A great article by WSJ analyzing this development.

Nvidia is investing $100B in OpenAI to build 10GW of Nvidia-powered AI data centers, locking in GPU demand while giving OpenAI cheaper capital and a direct supply path. This is vendor financing, Nvidia swaps funding and its brand strength for long-term chip orders, a pattern critics call circularity.

NewStreet Research analysts tried to model how Nvidia’s investment into OpenAI plays out financially. They found that for every $10B Nvidia invests into OpenAI, OpenAI in turn commits to spending about $35B on Nvidia chips over time.

So Nvidia isn’t giving money away for free. It’s basically pre-funding its own demand. OpenAI gets cheaper access to capital, and Nvidia gets guaranteed GPU orders in return.

The trade-off is that Nvidia has to lower its usual profit margins on those advanced chips. Instead of charging OpenAI full price, it effectively offers them at a discount. But because the volumes are so large and locked in, Nvidia gains long-term sales stability, which investors love.

OpenAI has been getting access to Nvidia chips through cloud providers or “neo-clouds.” These middlemen front the money to build data centers, buy GPUs, and then rent them to OpenAI at a markup.

Because OpenAI is still unprofitable and seen as risky, the debt used to finance those deals can carry very high interest rates — sometimes around 15%. By contrast, if a company with stronger credit like Microsoft backs the project, the rates drop to about 6–9%.

Nvidia stepping in with its balance sheet gives lenders more confidence, so the effective borrowing cost for projects tied to OpenAI falls closer to that lower range. Nvidia has used similar backstops, including a $6.3B agreement to buy CoreWeave’s unused capacity through Apr-32.

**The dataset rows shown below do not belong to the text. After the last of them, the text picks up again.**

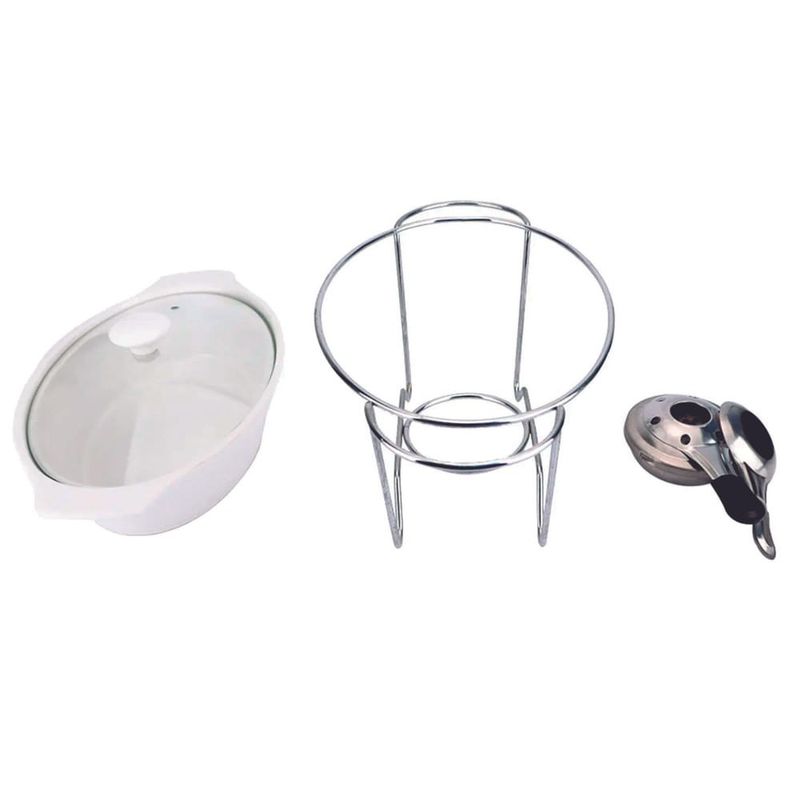 Ao adquirir o Rechaud Oval Eleonora, a embalagem inclui um Rechaud, uma Tampa de vidro, um Pedestal Aramado para suporte e um Queimador para o sistema de aquecimento. Este conjunto completo oferece tudo o que você precisa para começar a servir com elegância e praticidade.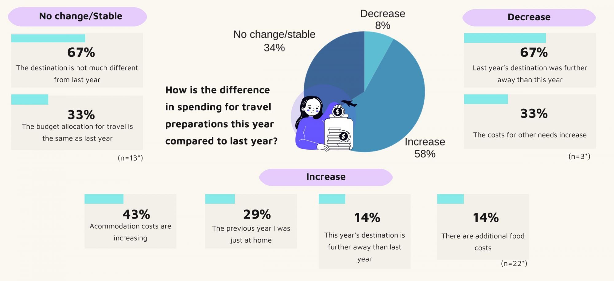 The majority of consumers allocated a higher travel budget this year than last year because accommodation costs such as villa/hotel rentals and plane tickets increased.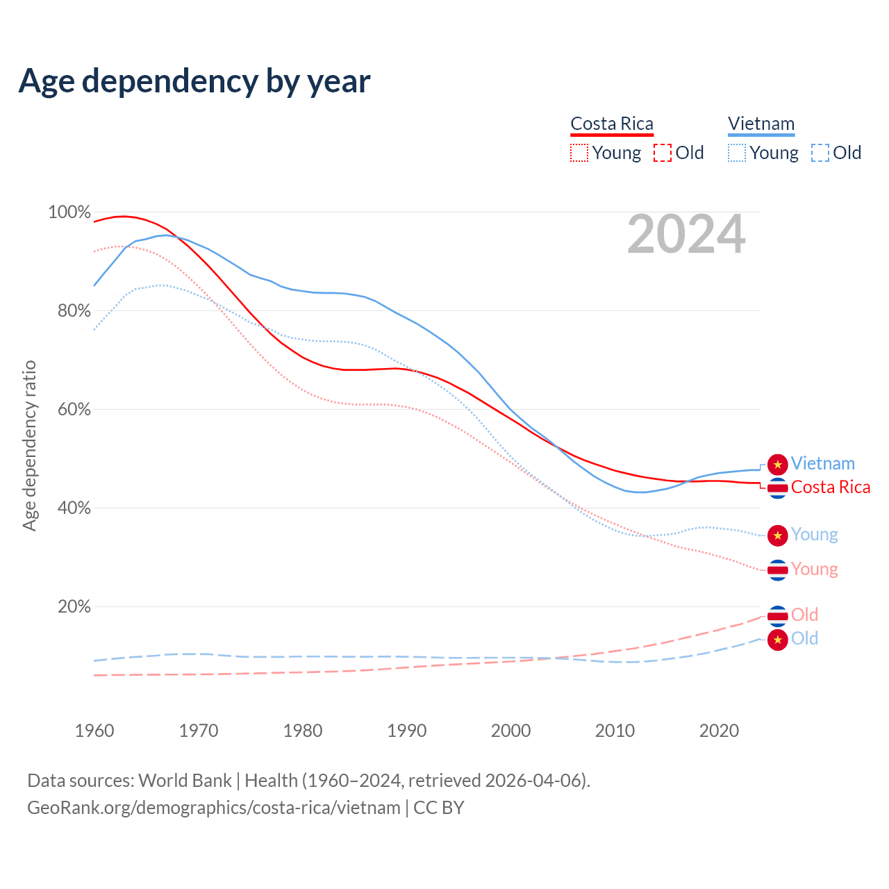 Data sources: World Bank | Health (1960–2024, retrieved 2026-04-06); U.S. Census Bureau (1960–2024, retrieved 2026-02-08).

Here also, Nvidia using its financial strength to stabilize its ecosystem. CoreWeave is a cloud provider that rents out clusters filled with Nvidia GPUs. If CoreWeave ever struggles to fully rent out those GPUs, Nvidia has promised to buy back unused capacity through Apr-32.

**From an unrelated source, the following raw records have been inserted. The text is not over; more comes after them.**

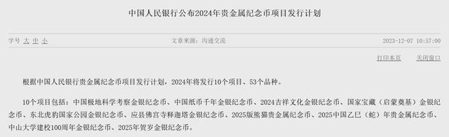央行官网公示的2024年普通纪念币与贵金属纪念币发行计划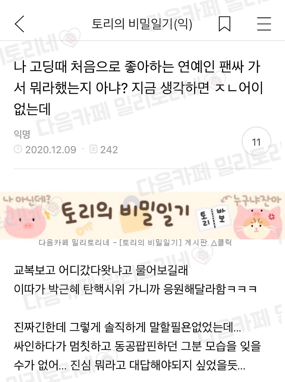 [유머] 고딩때 좋아하는 연예인 교복 입고 팬싸갔던 분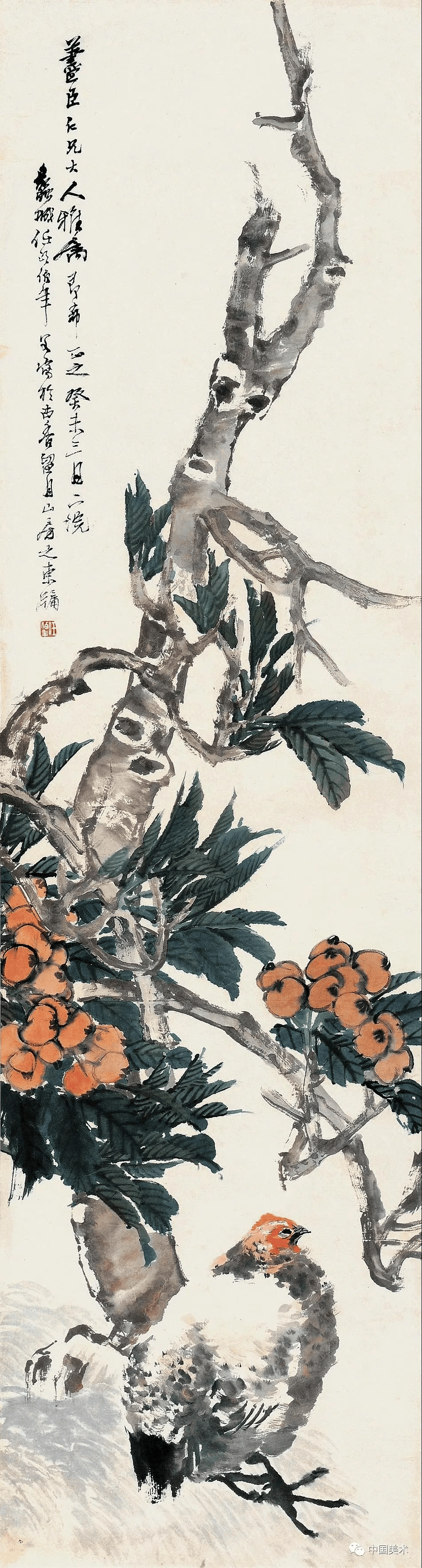 任伯年《枇杷猫雀图》1884年 136.5×32.9厘米

That means CoreWeave doesn’t carry as much risk of having idle, unprofitable infrastructure. In turn, this ensures GPUs keep running and generating revenue, even if demand temporarily dips.

It also committed $5B to Intel alongside a product tie-up to connect Nvidia GPUs with Intel processors for PCs and data centers. Beyond that, Nvidia invested in Musk’s xAI and later joined the AI Infrastructure Partnership with Microsoft, BlackRock and MGX to fund data centers and energy assets.

The move lands as OpenAI reports 700M weekly users yet still projects $44B cumulative losses before first profit in 2029, so cheaper capital tied to hardware is a bridge from usage to cash flow. There are real risks, including regulatory scrutiny of the structure and lower near-term margins for Nvidia, but the deal deepens lock-in around its platform.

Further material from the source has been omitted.